We have the Environment Agency, Natural England, DEFRA, the Norfolk Rivers Trust, the Norfolk Anglers Conservation Association, the Your Fisheries Partnership, the Catchment Sensitive Farming Scheme, the Wensum Working Group, the Broads Authority, the Angling Trust, the Catchment Based Approach Project and endless other groups too numerous to mention.
Let me stress that this problem is not restricted to river silver fish. What, for example, has happened to the wild trout stocks of the upper Glaven? Even the Norfolk Rivers Trust, based there, admits that the decline has been catastrophic.
So what's going on? Is it water quality? Diffuse Water Pollution? Is it lack of fly life? Is it lack of woody debris? Abstraction? Crayfish? Compacted spawning beds? The influence of canoes? Or is predation?

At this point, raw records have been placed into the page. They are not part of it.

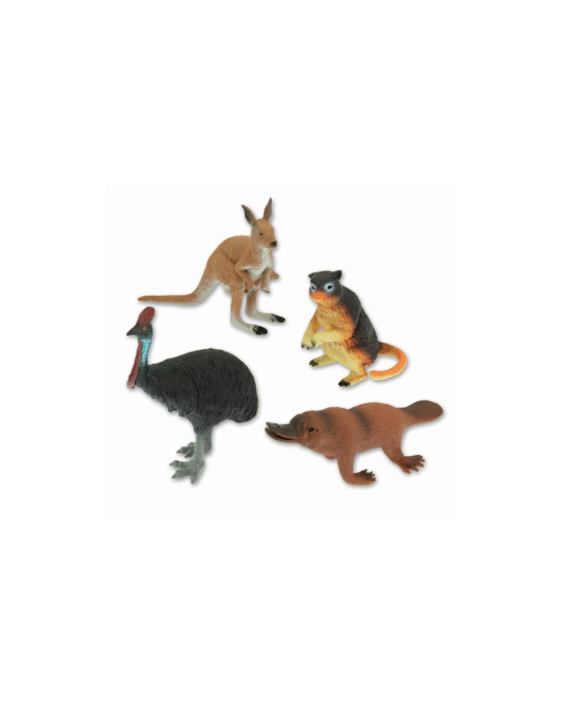 Confezione da 4 animali in plastica dell'Australia, con mappa geografica illustrata e curiosità. Da 3+ anni.
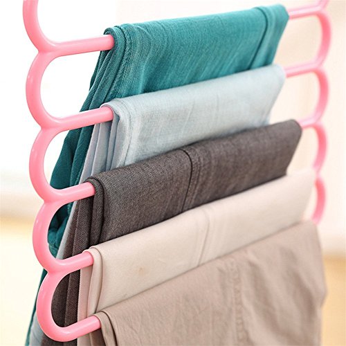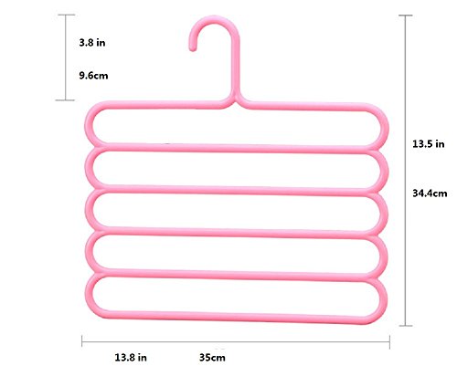 -. Feature : Conserves space, hangs up to five pairs of slacks / Much wide application range for clothes, towel, scarf, ties / Keep pants neat and organized on the poles and tidy, but also keeps them compact / Made from sturdy material, the hanger is well-built and long lasting / Compact streamlined design saves much closet space but leave no wrinkle on
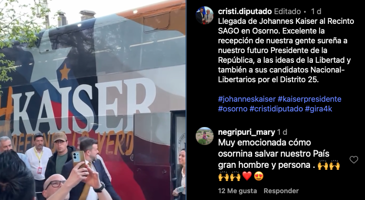 - Un ejemplo de ello es lo que ha hecho Johannes Kaiser, que el martes dio en Osorno su discurso más duro hasta la fecha, ante un público que, enfervorizado, aplaudió sus planes de abandonar cuanto tratado internacional ha firmado esta angosta y sufrida faja de tierra, lanzando de paso severas advertencias a Bolivia, donde la próxima semana hay cambio de presidente.
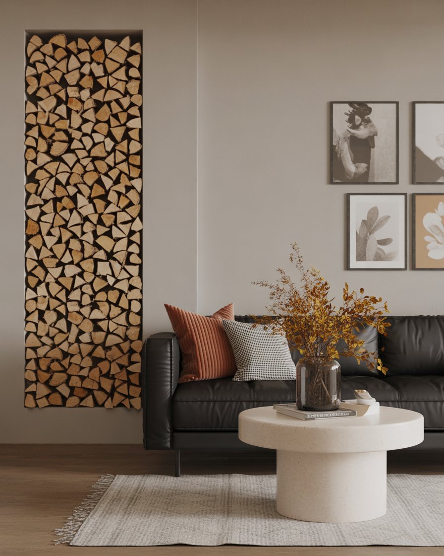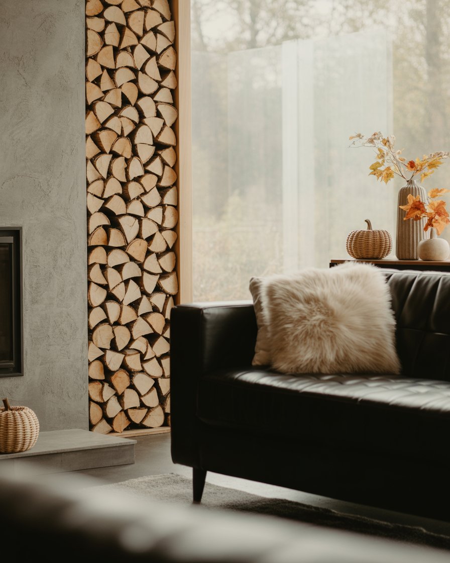 Even if you don’t use a fireplace daily, styling a firewood nook or stack is a big trend in aesthetic modern fall decor. Niagara logs have texture and rustic qualities, and stacked carefully on top of each other, are sculptural. Place a basket of wood beside a black couch or stack it under floating benches. Pair with neutral rugs and warm colors for a balanced look that feels straight from a designer’s playbook — functional yet fashionable.

This is the probable answer that most environmentalists appear to shy away from, an issue it seems that is too hot to handle. The modern answer this century to declining fisheries is habitat based. It goes that if you get the environment right, the fish are bound to thrive. For 20 years, though, we have seen that this is not the case. We have seen re-emerging fish populations that have then inevitably been decimated by predation. Possible physical restocking of upper rivers and a measure of predator control just have now to be looked at.
What is for sure is that John Wilson was right. We do not need more data. We do not need more monitoring. What we need is action. And we need action now.
Still, nature always does have the power to amaze. Whilst the dace might be a disappearing act, it seems that the Wensum gudgeon are back everywhere.
After an absence of years, I am catching my beloved gonks from Fakenham right down to the city. It is like millions of them have been dropped into the river from a spaceship! They are all of a good size and mature enough to suggest they have been in the river, hidden for years.
Mother Nature, eh? Just when you think she's croaked it she has the power to amaze.